Example 7: Pollen Longevity After Thawing

When cryopreserved pollen is rapidly thawed using the systems and methods described within this application, the thawed pollen may be stored several hours to several days and maintain fertility—a desirable capability for practical breeding and seed production workflows.

To demonstrate the longevity of pollen after thawing, a study was conducted in which freshly collected corn pollen was dried in a fluidized bed dryer to a wet-basis moisture content of 21.1%, frozen by directly immersing in liquid nitrogen, and stored at −150° C. for 49 days. Following storage, the pollen was rapidly thawed using the system illustrated in FIG. 8. Immediately after thawing, several pollinations were performed. The remaining pollen was placed in a sealed glass jar at 4° C. The stored pollen was intermittently sampled 90 minutes, 180 minutes, and 240 minutes after storage and pollinations were performed with the pollen at these time points. Additionally, pollinations were performed with additives containing an inert silica powder with diameter similar to that of corn pollen, to serve as a negative control and with pollen directly applied from cryogenically stored vials.

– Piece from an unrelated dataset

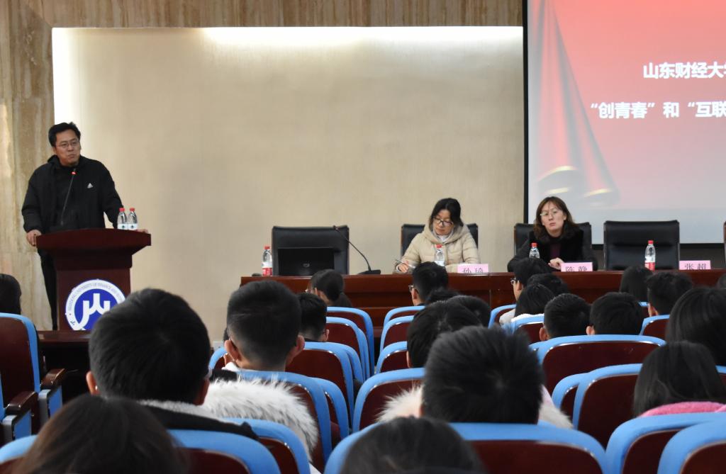 李建强就大学生创新创业大赛进行了介绍,对“创青春”和“互联网+”竞赛特点及项目文本撰写进行了指导。杏吧原创 优秀团队代表郑义、徐洪林进行了经验分享并简要介绍了所参与的项目概况,分享了参与科创竞赛的心得及经验。

Results from the pollination experiments are illustrated in FIG. 10. Statistical analysis with a Tukey Post-Hoc Honest Significant Difference test reveals no statistically significant differences in mean kernel count between the pollinations performed immediately after thawing up to 240 minutes after thawing. The findings illustrate that pollen thawed using the systems and methods described in the present disclosure maintains fertility for several hours after thawing, allowing time and flexibility between thawing and pollination processes.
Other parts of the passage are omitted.